Sometimes, even with professional help, all we can do is learn to live with the Hydra. We can befriend it. Let it teach us what you need to know. It can help us see beyond our grief and embrace a stronger, more resilient self. In time, it will become a companion or fade away into yesterday's mists. In either case, we will become survivors, well-equipped to face the rest of our lives.

 

Most importantly, we need to acknowledge that this will take time! Losses will continue to occur, and we will stumble from time to time. But those setbacks are part of the healing process. We will accept that some losses are just going to happen, but we do not have to be drawn onto that spiraling staircase into the darkness.

 

Paul found his way back to the light. The therapist helped him discover a new life and a new normal. He rebuilt his life even though there were moments when the sadness would surface through disappointment or loss.
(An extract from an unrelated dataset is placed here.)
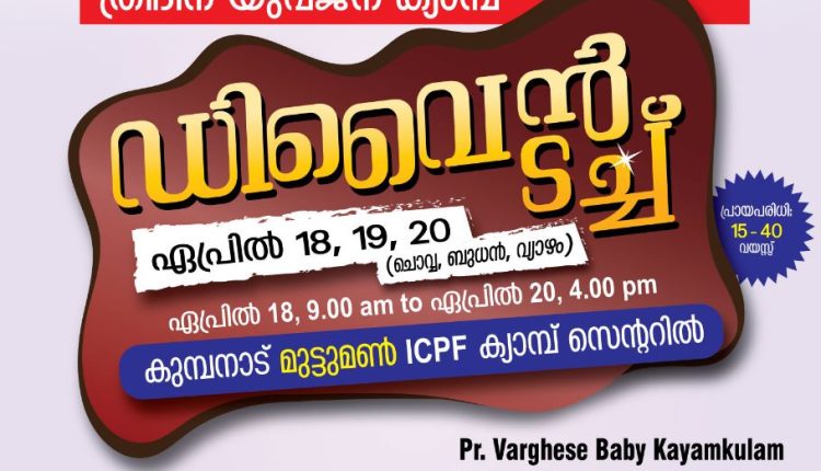 കുമ്പനാട്: ഡിവൈൻ പ്രയർ മിനിസ്ട്രീസ് ഇന്ത്യാ ഒരുക്കുന്ന ത്രിദിന യുവജന ക്യാമ്പ് ഏപ്രിൽ 18 ചൊവ്വ മുതൽ 20 വ്യാഴം വരെ നടക്കും.18 ന് രാവിലെ 9 മണി മുതൽ 20 ന് വൈകുന്നേരം 4 മണി വരെ കുമ്പനാട് മുട്ടുമൺ ICPF ക്യാമ്പ് സെന്ററിൽ വെച്ച് നടക്കും.
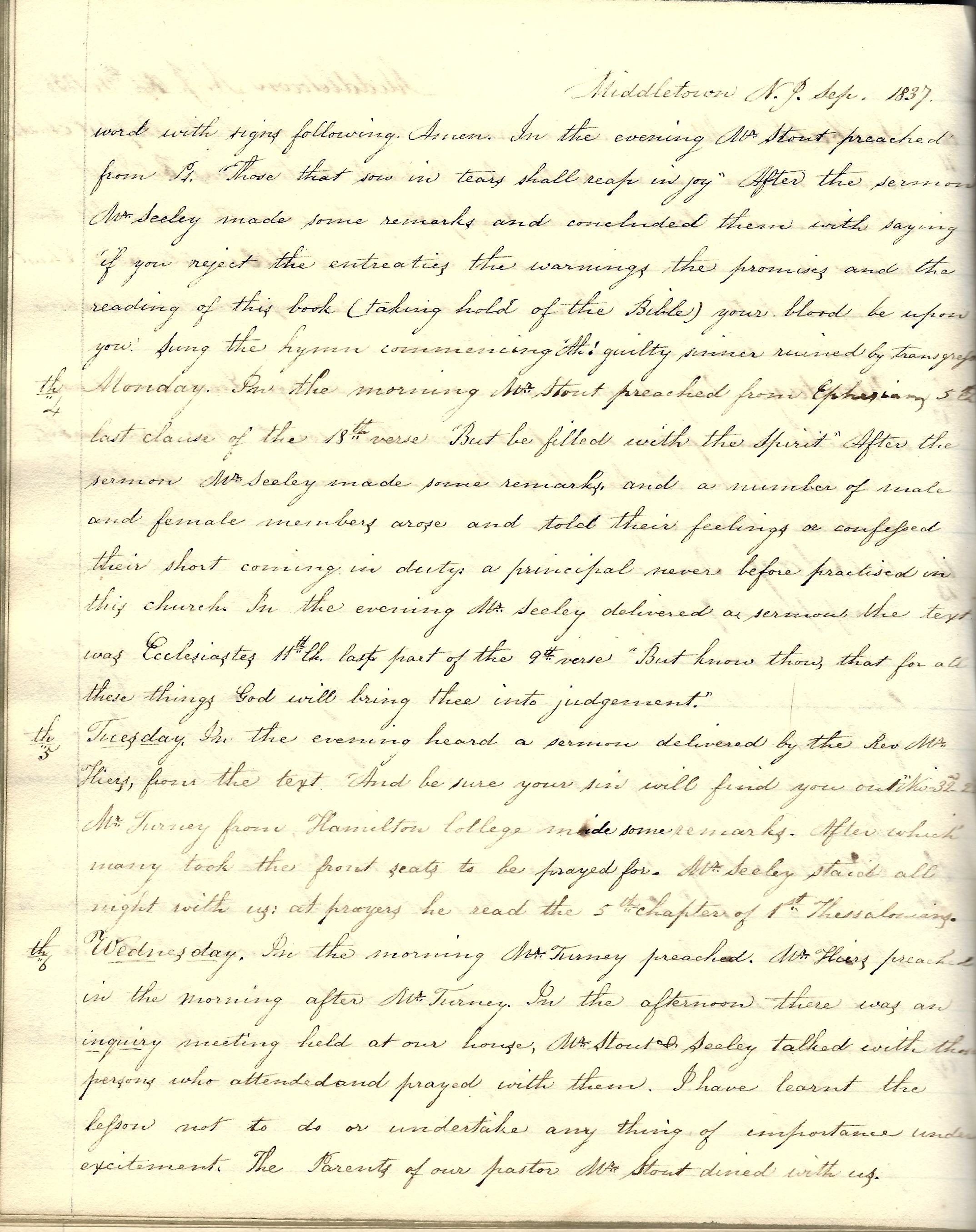 Tuesday 5th. In the evening heard a sermon delivered by the Rev. Mr. Hiers from the text, “And be sure your sin will find you out.” Mr. [Edmund] Turney from Hamilton College made some remarks after which many took the front seats to be prayed for. Mr. Seeley staid all night with us. At prayers he read the 5th Chapter of 1st Thessalossians.

Paul walked with a newfound confidence that came to those who had faced the demon and emerged victorious. Cumulative grief, like all grief, is an opportunity to grow into our souls and discover new resources for contentment and joy. And when we face the Hydra in the future, we will be better equipped to engage and emerge from the encounter with our lives intact.

 

May each of us allow life to teach us what we need to know and help us find the tools to cope with bitter disappointments and loss. May we find our way into new lives better prepared to withstand misfortune so that we can embrace the new day when it finally dawns? 

 

Outlast the Hydra. Don't let the monster win!